What you should do: Write the entries out again in full and unchanged, dropping every image.

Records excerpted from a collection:
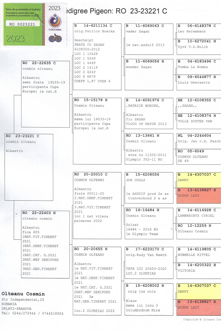 The origins of these remarkable performances are no coincidence: the champion hen descends from a Rudy Van Reeth cock and a Jos Cools hen, while the vice-champion was bred from a Jos Cools cock and the famous 484 hen, an Olympic pigeon from Olteanu’s own loft.
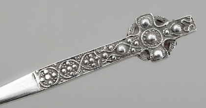 Description: A rare Oban silver pickle fork with Iona style St. Martin's Cross finial, made by Robert Lindsay in Oban in 1929 and hallmarked in Sheffield. The fork has splayed fat tines, so ideal for pickles or cold meats. The hallmarks are clear, and include makers mark RL in 2 circular punches, and "R.LINDSAY, OBAN". Lindsay is only recorded for 2 years between 1927 and 1929, we assume the tourist trade was insufficient to support him, so his silver is rare (as is all Oban silver, see our butter knives by Drummond S 1931). He produced small spoons, knives and forks, all with Iona crosses, alongside napkin rings. We welcome additional information on Robert Lindsay, this is a beautiful fork, he deserved to flourish!
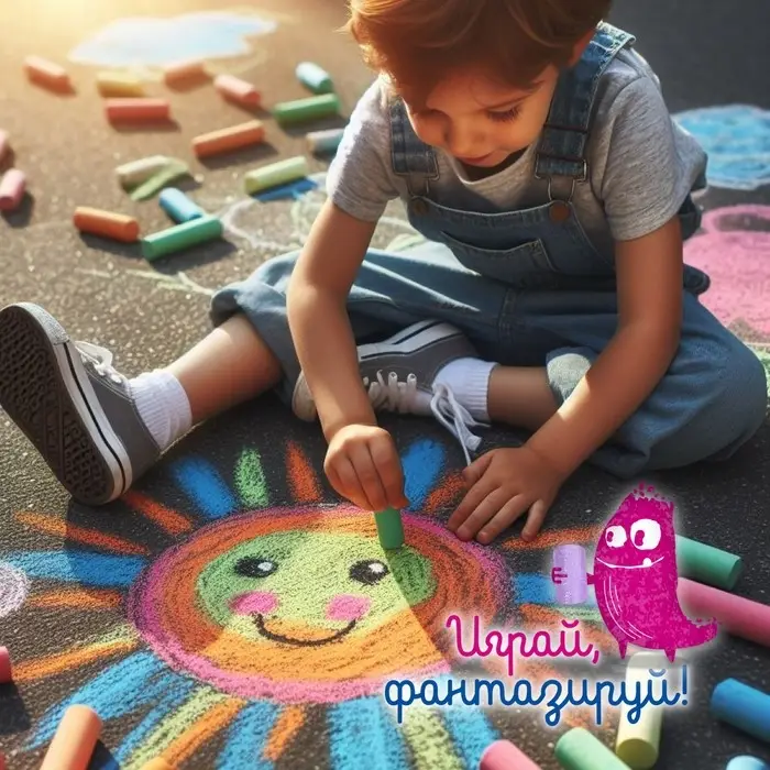 Рисовать на асфальте куда приятнее, чем на бумаге. Большой набор мелков для рисования поможет ребёнку в этом деле!
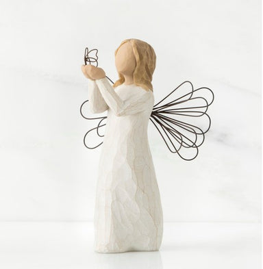 A wedding, anniversary or Valentine’s Day gift that expresses love and caring. 5.5”h hand-painted resin figure with wire wings Standing angel with...
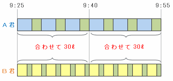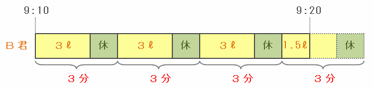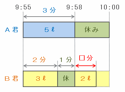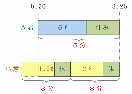 また、9時58分からはA君が休みに入るので、最後の2リットルはB君だけがくみ上げることになります。
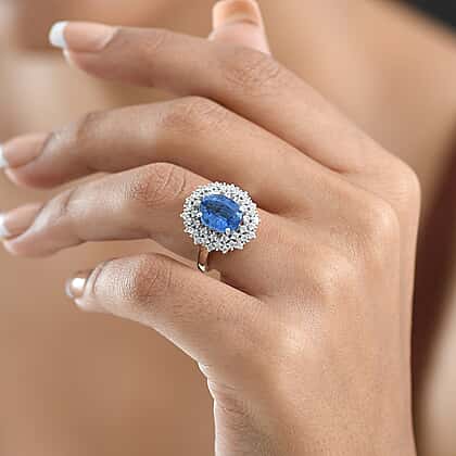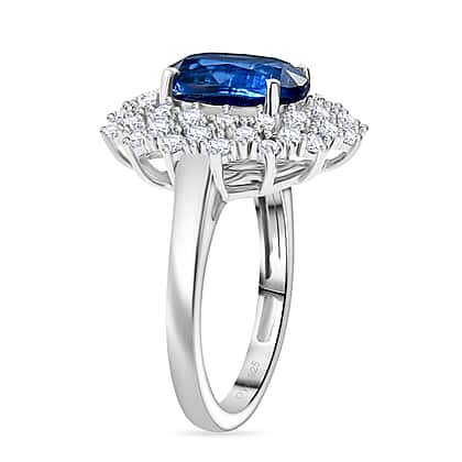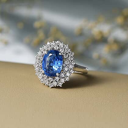 D'Joy 3.4 Ct. Kyanite, White Zircon Double Halo Ring in Rhodium Overlay Sterling Silver
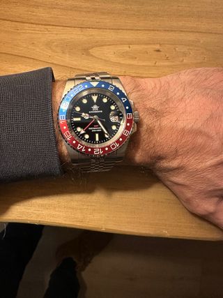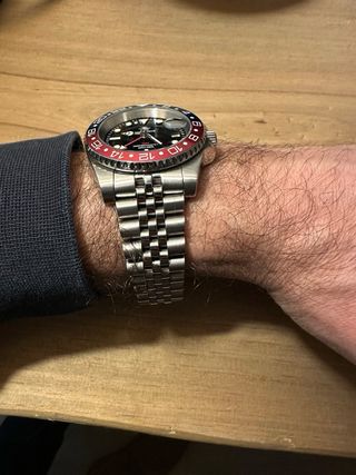 Reloj de pulsera con bisel estilo Pepsi, 40mm - Bisel giratorio bidireccional con marcas rojas y azules. - Esfera negra con marcadores de hora luminosos. - Ventana de fecha a las 3 en punto. - Correa jubilee de acero inoxidable. - Cristal vidrio mineral
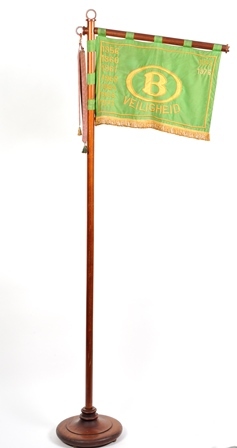 Groene vlag met gele franjes aan een houten staander. Op de vlag staat in het midden het NMBS-logo met daaronder het opschrift 'veiligheid'. Naast het logo staan de jaartallen 1956, 1960, 1961, 1963, 1964, 1966, 1972, 1973 en 1976.
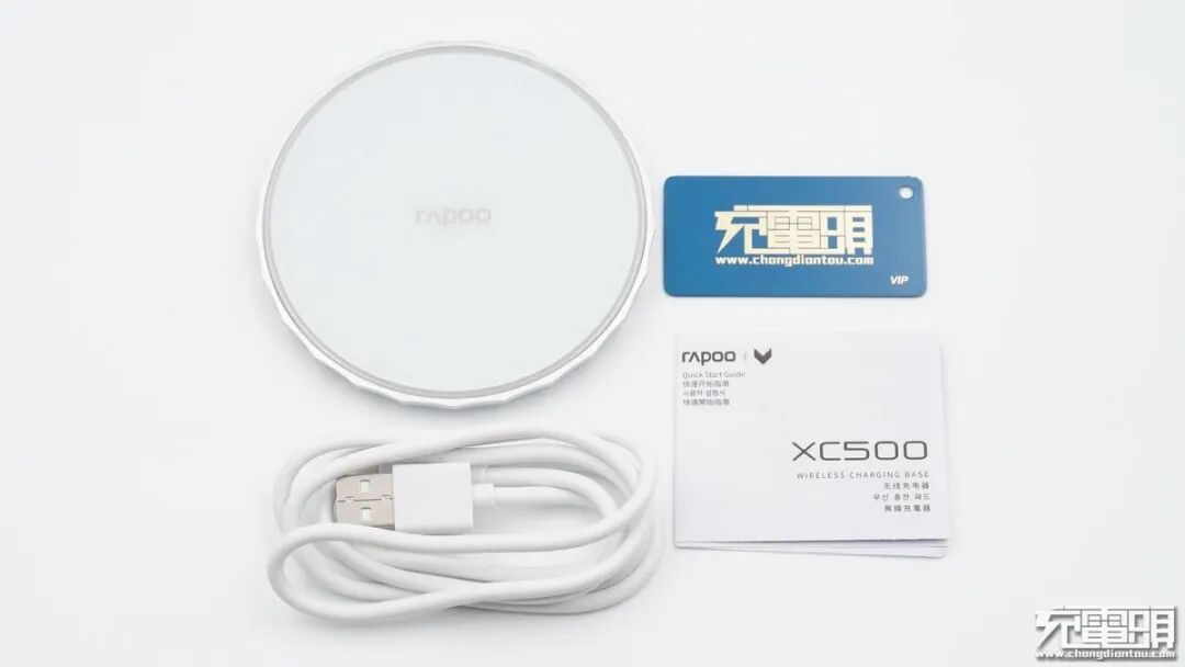 包装盒采用蓝色配色,正面印有Rapoo品牌、无线充外观图(黑白款)、XC500型号、10W功率以及防伪标签等。
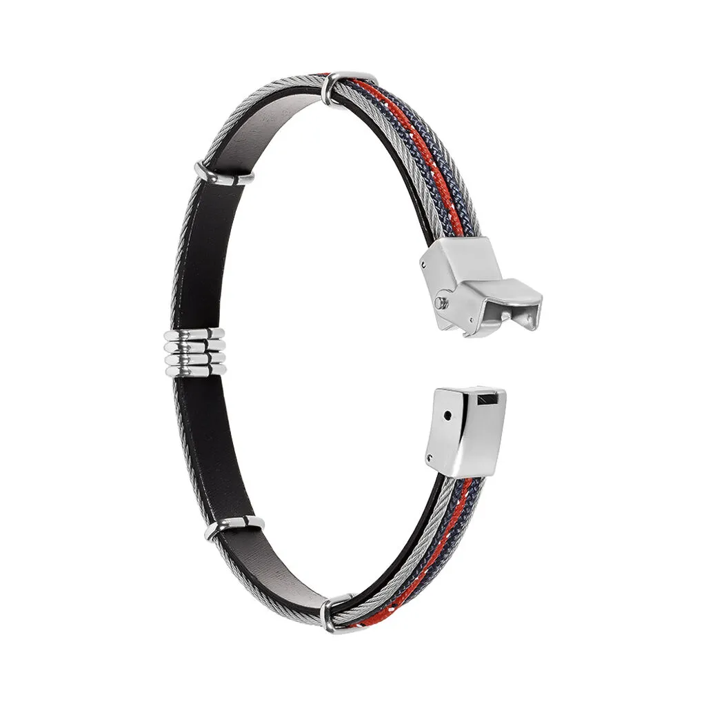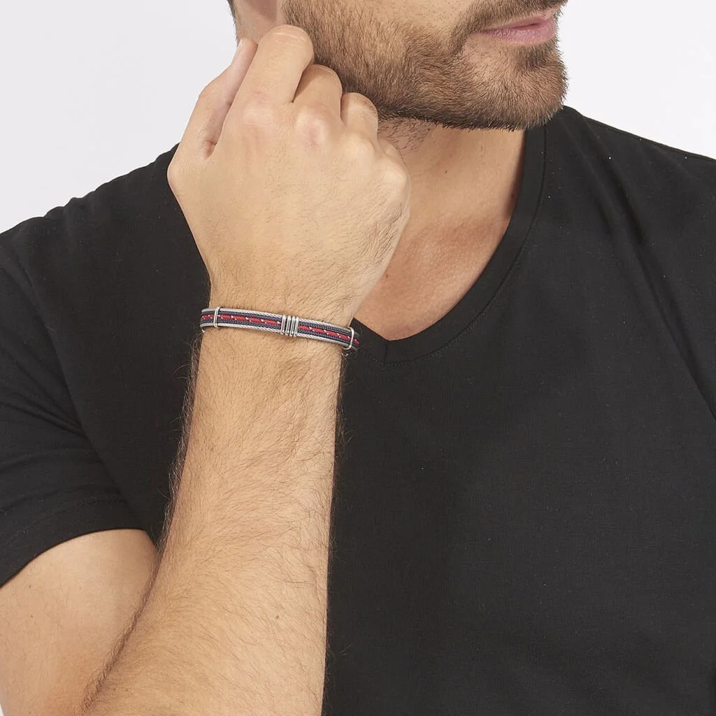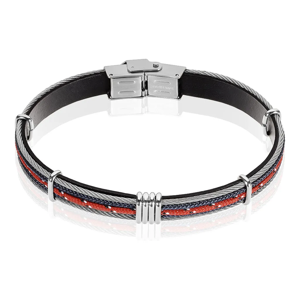 Élégance et modernité sont les mots qui caractérisent ce bracelet. Il se distingue par ses cordons rouges, ses câbles et ses détails en acier. Ce modèle est idéal pour compléter vos looks branchés. Vous pouvez le porter avec votre style préféré pour être distingué en toutes occasions. Ce bracelet est disponible dans d’autres coloris.
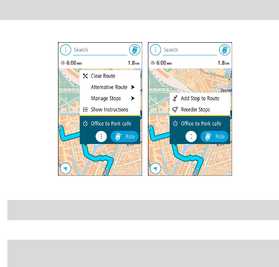 - Über das Menü „Aktuelle Route“ einen Stopp zur Route hinzufügen
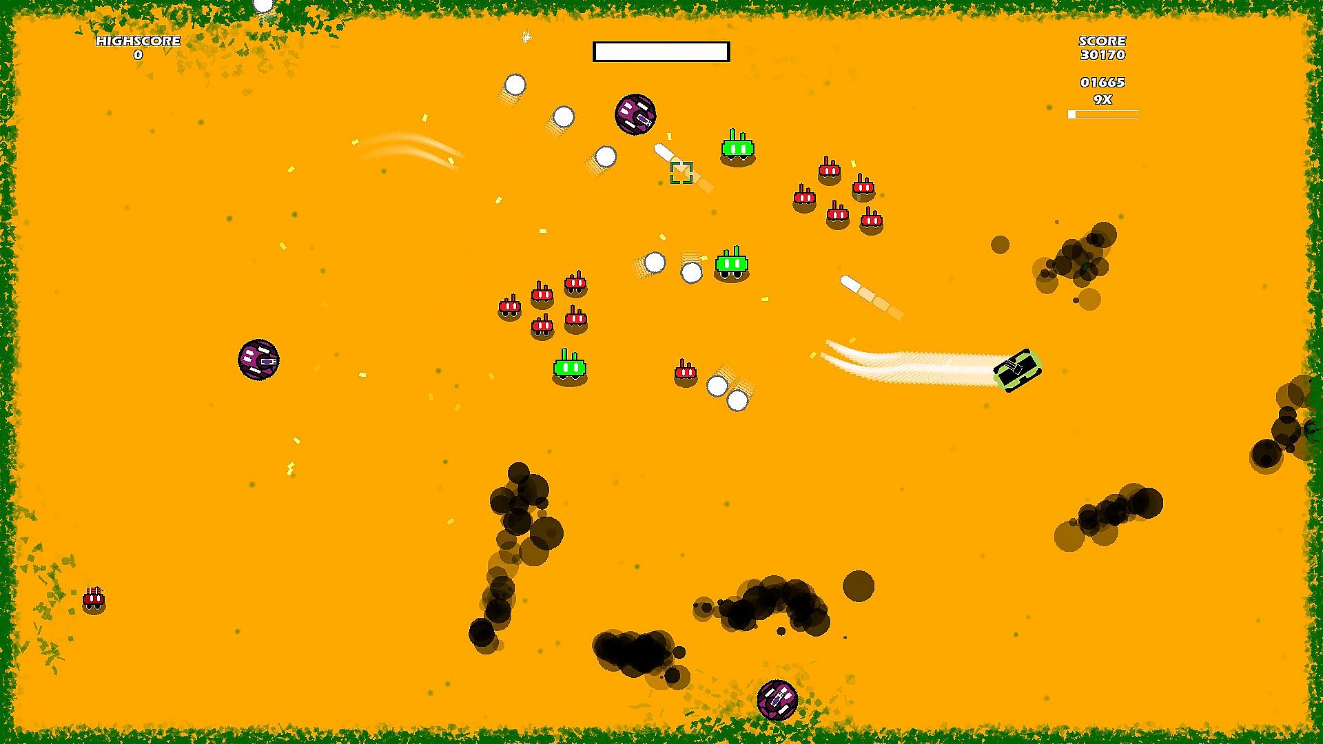Sack of Bots is a top down, score-chasing arcade shooter. Use one of your 4 cars to drift around hordes of bots and blast them away. Keep your score multiplier up as you slide, crash and crunch through a variety of bots in this simple shoot 'em up. Improve your score and last as long as possible in the onslaught.Features :

Finished task:
 The origins of these remarkable performances are no coincidence: the champion hen descends from a Rudy Van Reeth cock and a Jos Cools hen, while the vice-champion was bred from a Jos Cools cock and the famous 484 hen, an Olympic pigeon from Olteanu’s own loft.
 Description: A rare Oban silver pickle fork with Iona style St. Martin's Cross finial, made by Robert Lindsay in Oban in 1929 and hallmarked in Sheffield. The fork has splayed fat tines, so ideal for pickles or cold meats. The hallmarks are clear, and include makers mark RL in 2 circular punches, and "R.LINDSAY, OBAN". Lindsay is only recorded for 2 years between 1927 and 1929, we assume the tourist trade was insufficient to support him, so his silver is rare (as is all Oban silver, see our butter knives by Drummond S 1931). He produced small spoons, knives and forks, all with Iona crosses, alongside napkin rings. We welcome additional information on Robert Lindsay, this is a beautiful fork, he deserved to flourish!
 Рисовать на асфальте куда приятнее, чем на бумаге. Большой набор мелков для рисования поможет ребёнку в этом деле!
 A wedding, anniversary or Valentine’s Day gift that expresses love and caring. 5.5”h hand-painted resin figure with wire wings Standing angel with...
 また、9時58分からはA君が休みに入るので、最後の2リットルはB君だけがくみ上げることになります。
 D'Joy 3.4 Ct. Kyanite, White Zircon Double Halo Ring in Rhodium Overlay Sterling Silver
 Reloj de pulsera con bisel estilo Pepsi, 40mm - Bisel giratorio bidireccional con marcas rojas y azules. - Esfera negra con marcadores de hora luminosos. - Ventana de fecha a las 3 en punto. - Correa jubilee de acero inoxidable. - Cristal vidrio mineral
 Groene vlag met gele franjes aan een houten staander. Op de vlag staat in het midden het NMBS-logo met daaronder het opschrift 'veiligheid'. Naast het logo staan de jaartallen 1956, 1960, 1961, 1963, 1964, 1966, 1972, 1973 en 1976.
 包装盒采用蓝色配色,正面印有Rapoo品牌、无线充外观图(黑白款)、XC500型号、10W功率以及防伪标签等。
 Élégance et modernité sont les mots qui caractérisent ce bracelet. Il se distingue par ses cordons rouges, ses câbles et ses détails en acier. Ce modèle est idéal pour compléter vos looks branchés. Vous pouvez le porter avec votre style préféré pour être distingué en toutes occasions. Ce bracelet est disponible dans d’autres coloris.
 - Über das Menü „Aktuelle Route“ einen Stopp zur Route hinzufügen
Sack of Bots is a top down, score-chasing arcade shooter. Use one of your 4 cars to drift around hordes of bots and blast them away. Keep your score multiplier up as you slide, crash and crunch through a variety of bots in this simple shoot 'em up. Improve your score and last as long as possible in the onslaught.Features :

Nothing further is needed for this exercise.